Chapter 7: Optimum Gasoline Blending in Petroleum Refining This chapter addresses the optimum gasoline blending for an oil refinery. The objective is to maximize the profits while satisfying the constraints on demands, supplies, specifications, costs, capacities, and other applicable restrictions. A nonlinear programming (NLP) model is formulated to represent the problem, and a two-stage heuristic solution procedure is developed to solve it based on linear approximation. Given a set of raw materials (components) and their availabilities and specifications, and a set of gasoline products (blends) and their demands and specifications, the model determines amount of each component used to make each product, in order to satisfy the demands and meet the specifications with the minimum total cost.

Chapter 8: Employee Scheduling in Remote Oil Industry Work Sites This chapter considers the days-off scheduling of oil company employees working in remote locations.
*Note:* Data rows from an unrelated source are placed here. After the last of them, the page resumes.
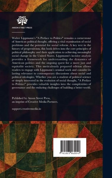 Walter Lippmann's "A Preface to Politics" remains a cornerstone of American political thought, offering a vital examination of social problems and the potential for social reform. A key text in the history of progressivism, this book delves into the core principles of political philosophy and their application to achieving meaningful social change in the United States. Lippmann's incisive analysis provides a framework for understanding the dynamics of American politics and the ongoing quest for a more just and equitable society. This meticulously prepared edition allows readers to engage with Lippmann's seminal work and consider its lasting relevance to contemporary discussions about social and political ideologies. Whether you are a student of political science or simply interested in the evolution of social thought, "A Preface to Politics" provides valuable insights into the complexities of governance and the enduring challenges of building a better world. This work has been selected by scholars as being culturally important, and is part of the knowledge base of civilization as we know it. This work is in the public domain in the United States of America, and possibly other nations. Within the United States, you may freely copy and distribute this work, as no entity (individual or corporate) has a copyright on the body of the work. Scholars believe, and we concur, that this work is important enough to be preserved, reproduced, and made generally available to the public. We appreciate your support of the preservation process, and thank you for being an important part of keeping this knowledge alive and relevant.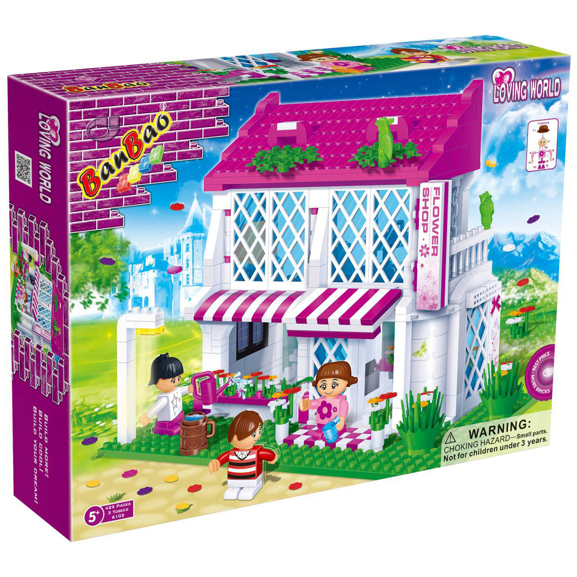 Из деталей этого конструктора можно построить двухэтажный цветочный магазин с балконом, лестницей, оборудованным местом для кассира и прилавком с цветами. В набор также входят три человечка, каждый из которых состоит из 11 деталей, с которыми можно разыграть различные ситуации, которые могут произойти в цветочном магазине.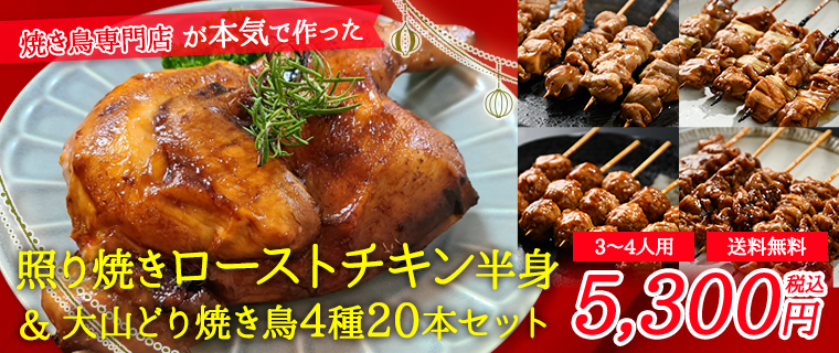 限定販売!国産 特大ローストチキン半身+大山どり焼き鳥4種20本セット【3~4名様用】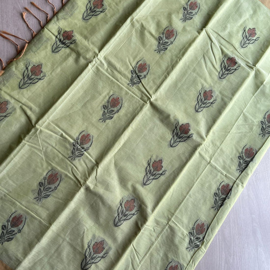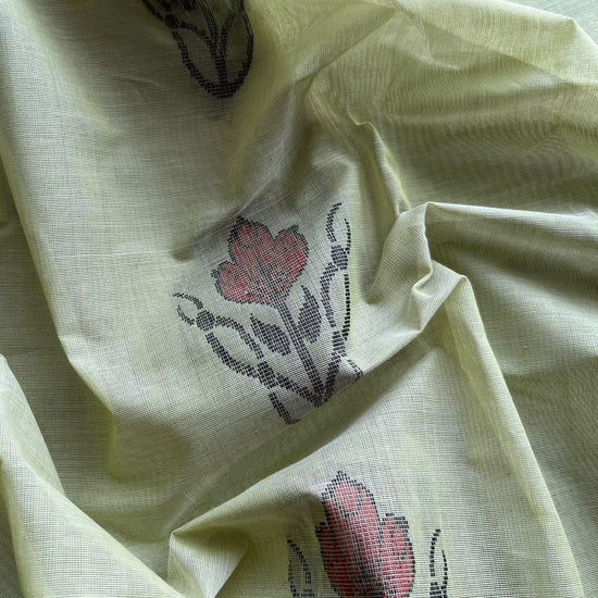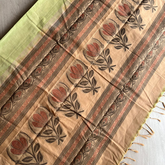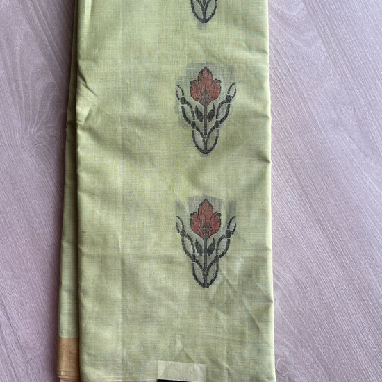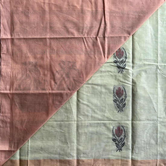 Handloom Fine Cotton Saree with Contrast Pallu and Blouse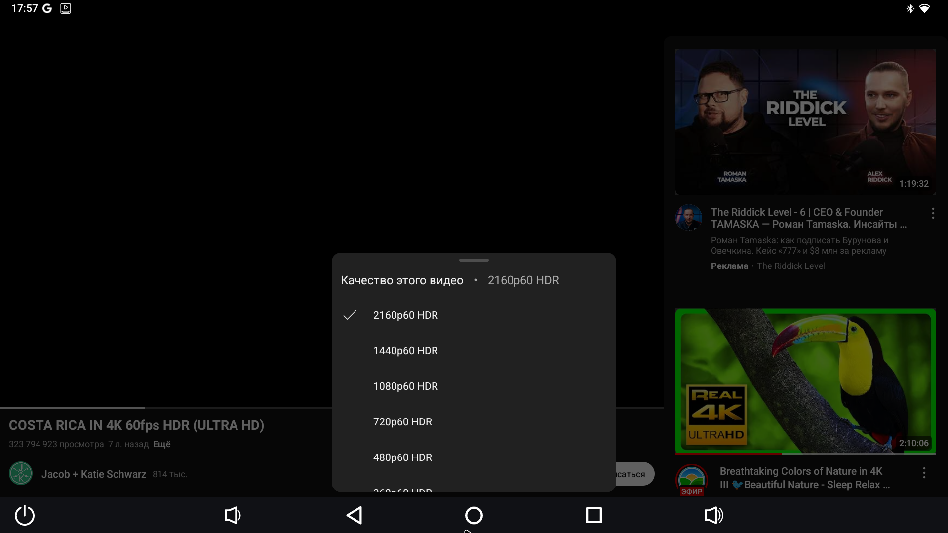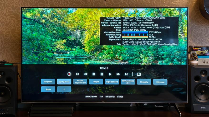 Собственно по воспроизведению мультимедиа вообще никаких вопросов. Проигрывается все, в любом качестве, с любыми частотами, с поддержкой HDR вплоть до Dolby Vision и многоканальным звуком вплоть до Dolby Atmos. В Youtube поддерживается качество вплоть до 4К HDR\60 FPS, воспроизведение плавное, пропуска кадров нет даже на тяжелых AV1 роликах.

During their day-off breaks, the employees are transported by company aircraft to and from their work sites. The company has two objectives: minimizing the number of employees to reduce the labor cost and minimizing the number of assigned days-off breaks to reduce the transportation cost. A bi-objective integer programming model is formulated to represent the problem, and an optimum analytical procedure is developed to obtain the optimum solution.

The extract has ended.